[ACTIVITY] An exact copy of the entries is required, excluding any pictures.
*** Opening ENTRIES SUPPLIED ***
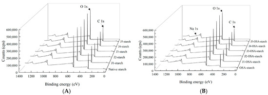 XPS analysis of J-starch and J-OSA-starch: (A), XPS patterns of J-starch; (B), XPS patterns of J-OSA-starch.
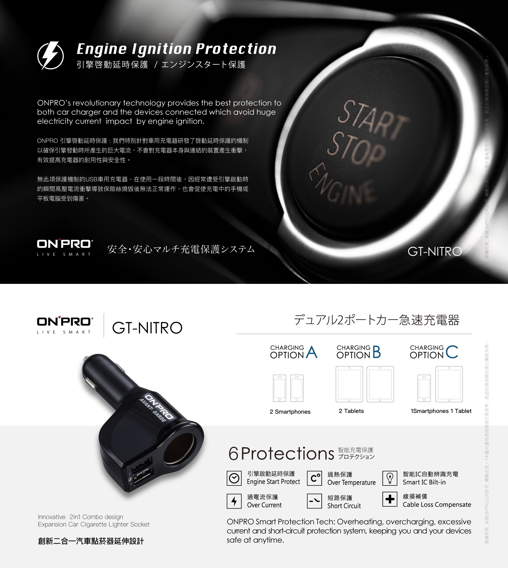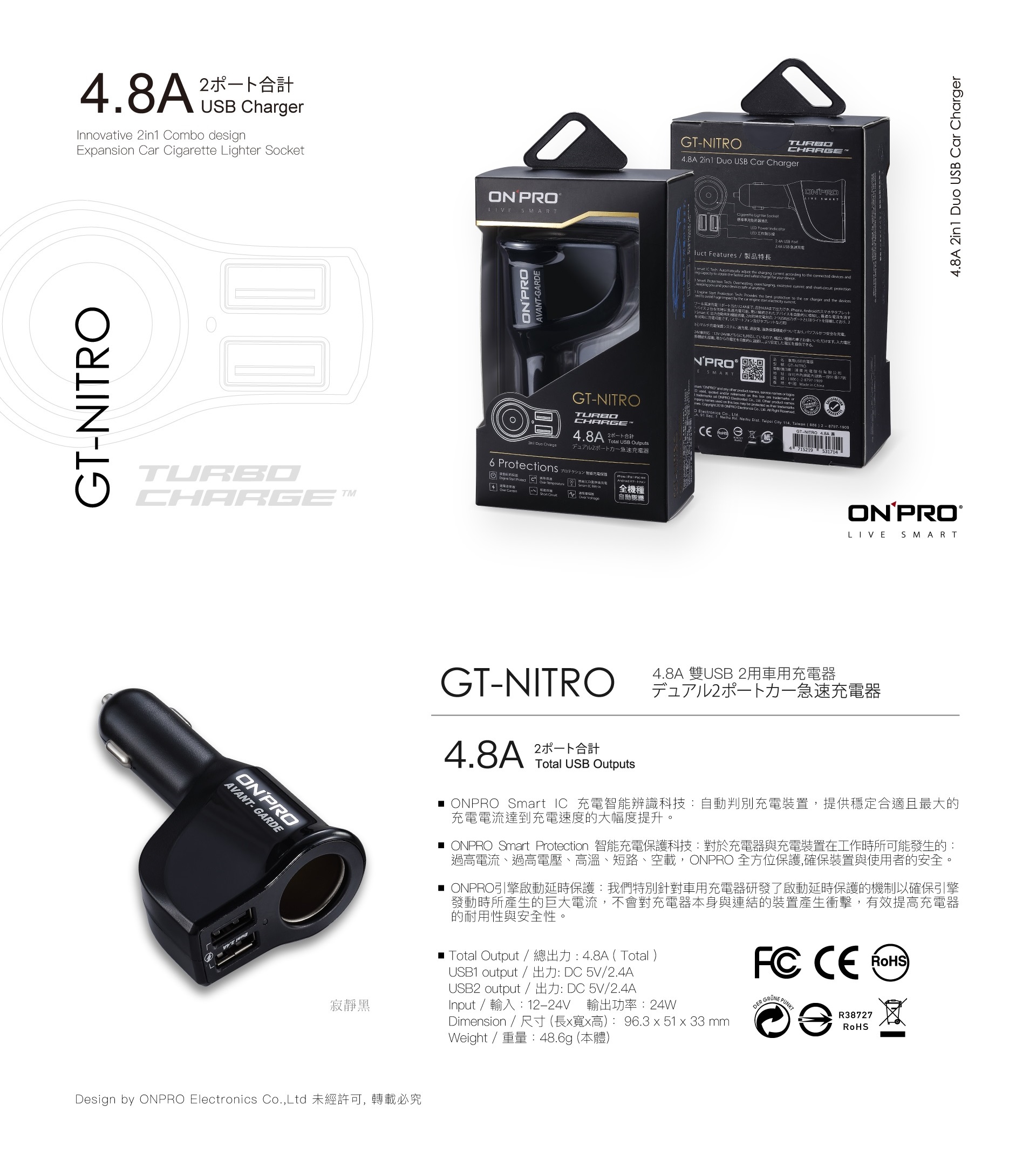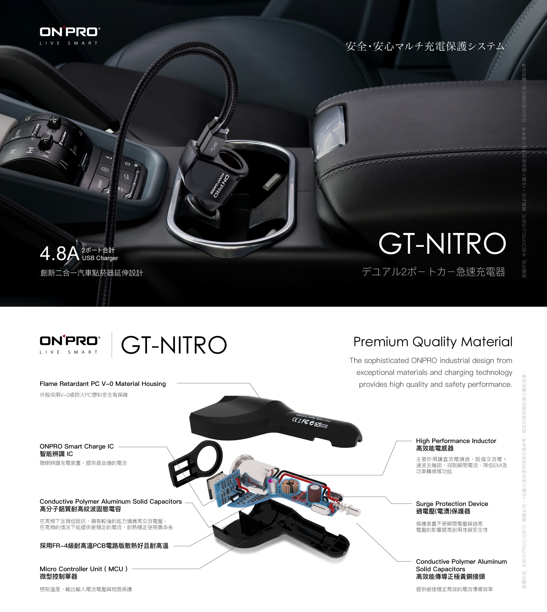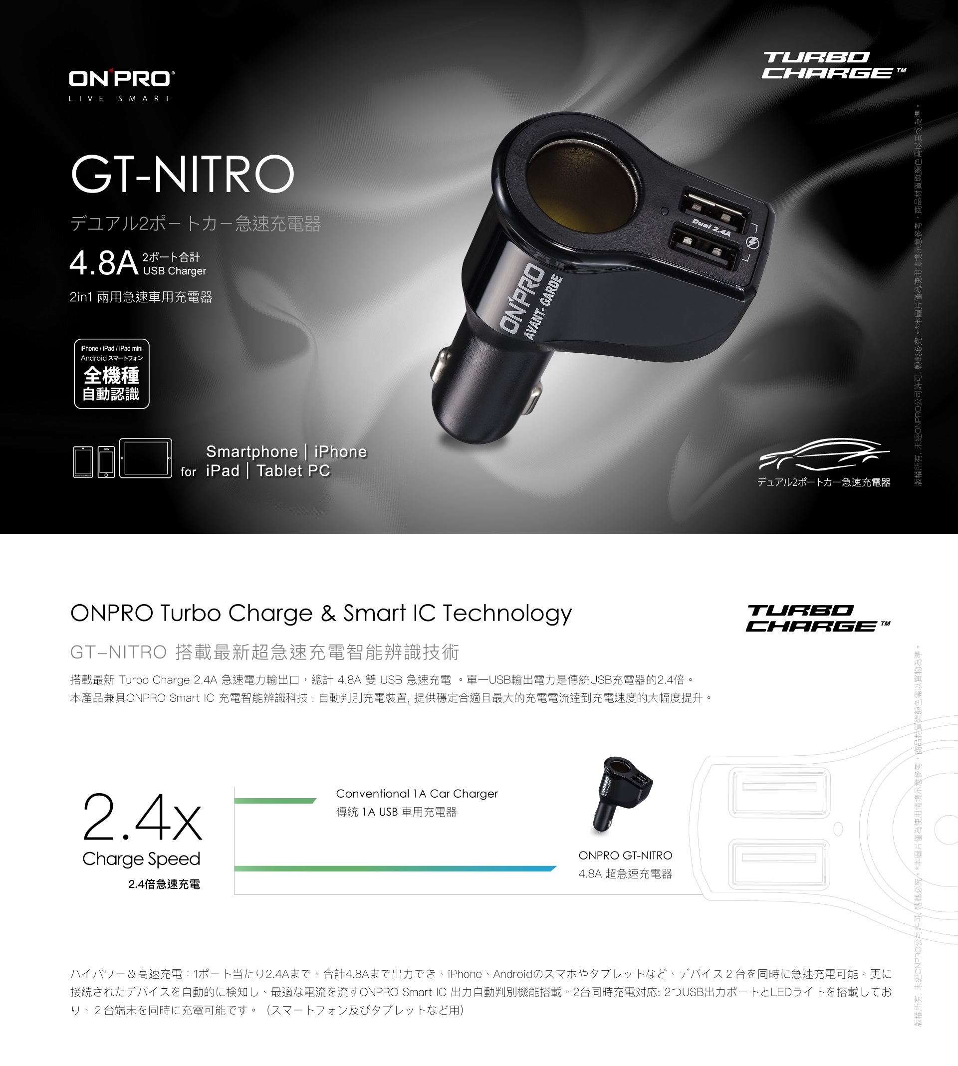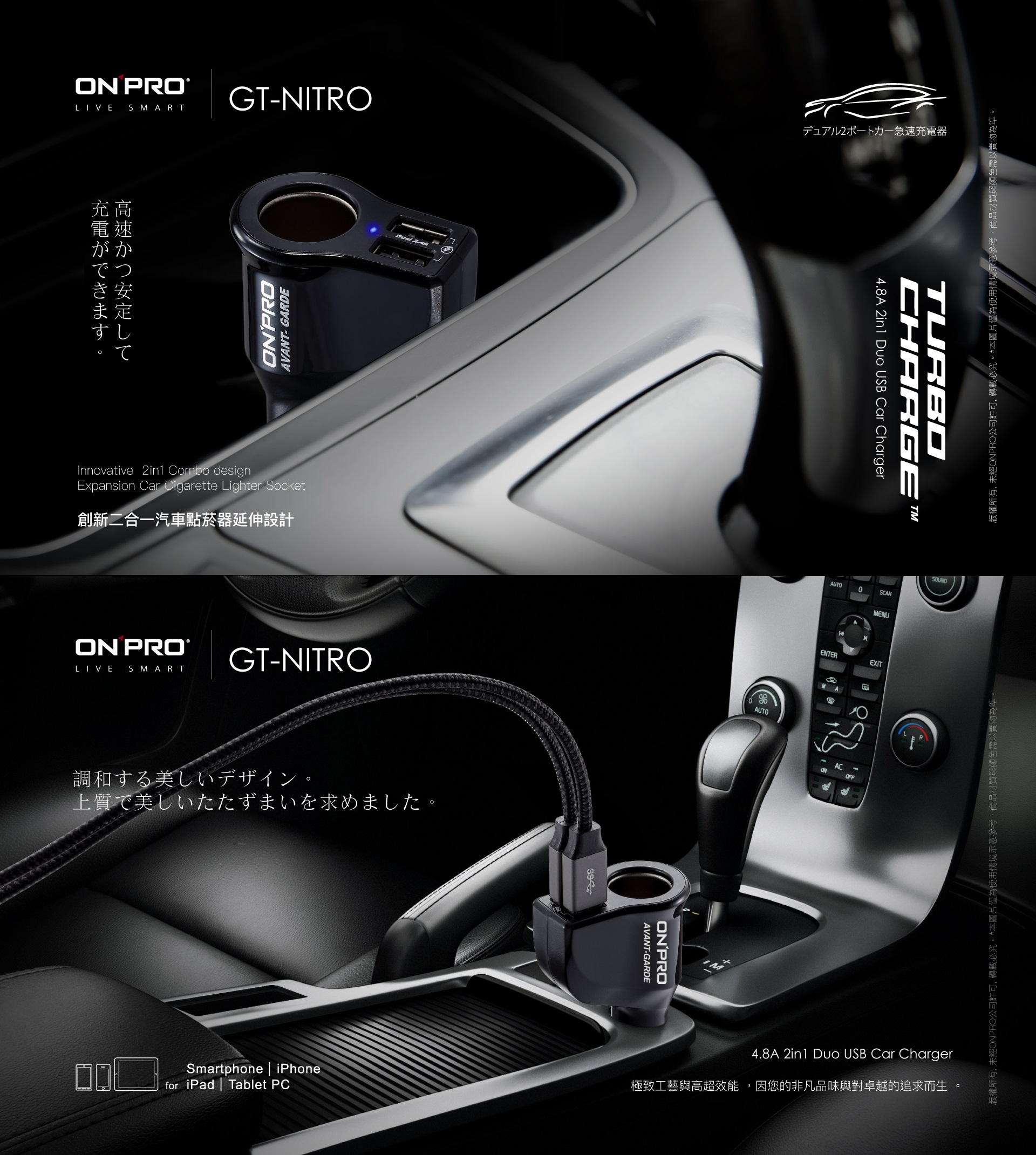 ONPRO 4.8A 雙USB 2用車用充電器 GT-NITRO
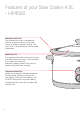 Power ON Light Indicates that the slow cooker is turned on and heating. Cool Touch Handles and Lid Knob Allows you to lift and carry the slow cooker to the table for serving when hot. �������� � ��� �� 4.5 Litre Capacity Suitable for a smaller sized family. � Wrap-Around Element The element surrounds the crock insert to ensure even cooking. It prevents food from sticking to the bottom of the crock insert and eliminates the need to stir your food.
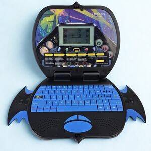 Produced by Oregon Scientific under official Batman licensing, this unit features a fold-out laptop design with a built-in screen, full keyboard, and themed interface inspired by Gotham City. It includes multiple learning categories such as math, word games, memory, logic, and music—making it both a functional educational device and a display-worthy collectible.
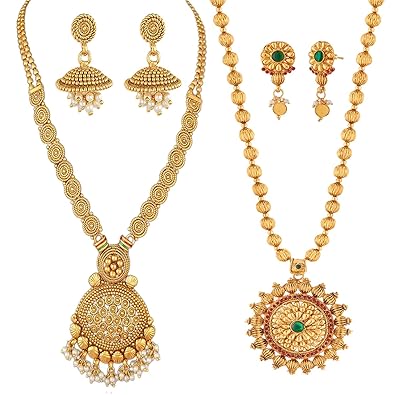 Reeva South Indian Gold Plated Necklace And Earring Set For Women Combo Pack
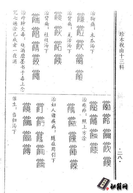 秘字以雨字为群,鬼字为臣,其它各字为佐使,
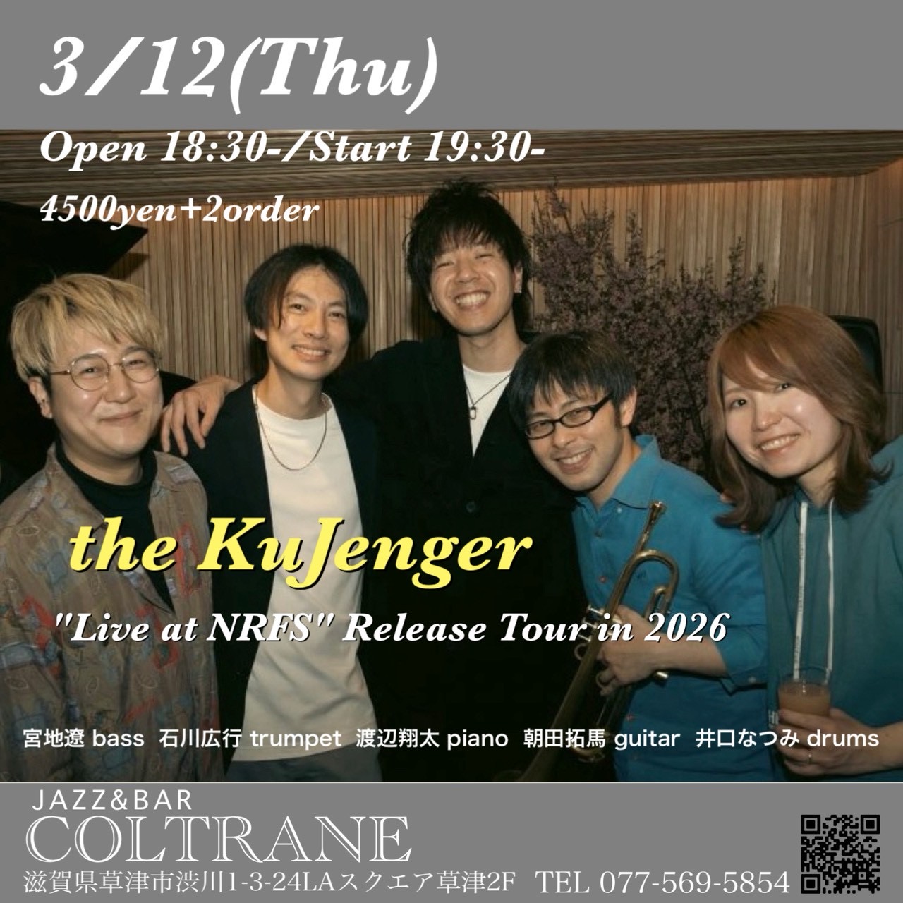 「the Kujenger Live album❝Live at NRFS❞リリース記念ツアーin 2026」宮地遼(Ba)石川広行(Tp)渡辺翔太(Pf)朝田拓馬(Gt)井口なつみ(Ds)
*** Closing ENTRIES SUPPLIED ***
[ANSWER TO THIS EXERCISE]
 XPS analysis of J-starch and J-OSA-starch: (A), XPS patterns of J-starch; (B), XPS patterns of J-OSA-starch.
 ONPRO 4.8A 雙USB 2用車用充電器 GT-NITRO
 Power ON Light Indicates that the slow cooker is turned on and heating. Cool Touch Handles and Lid Knob Allows you to lift and carry the slow cooker to the table for serving when hot. �������� � ��� �� 4.5 Litre Capacity Suitable for a smaller sized family. � Wrap-Around Element The element surrounds the crock insert to ensure even cooking. It prevents food from sticking to the bottom of the crock insert and eliminates the need to stir your food.
 Produced by Oregon Scientific under official Batman licensing, this unit features a fold-out laptop design with a built-in screen, full keyboard, and themed interface inspired by Gotham City. It includes multiple learning categories such as math, word games, memory, logic, and music—making it both a functional educational device and a display-worthy collectible.
 Reeva South Indian Gold Plated Necklace And Earring Set For Women Combo Pack
 秘字以雨字为群,鬼字为臣,其它各字为佐使,
 「the Kujenger Live album❝Live at NRFS❞リリース記念ツアーin 2026」宮地遼(Ba)石川広行(Tp)渡辺翔太(Pf)朝田拓馬(Gt)井口なつみ(Ds)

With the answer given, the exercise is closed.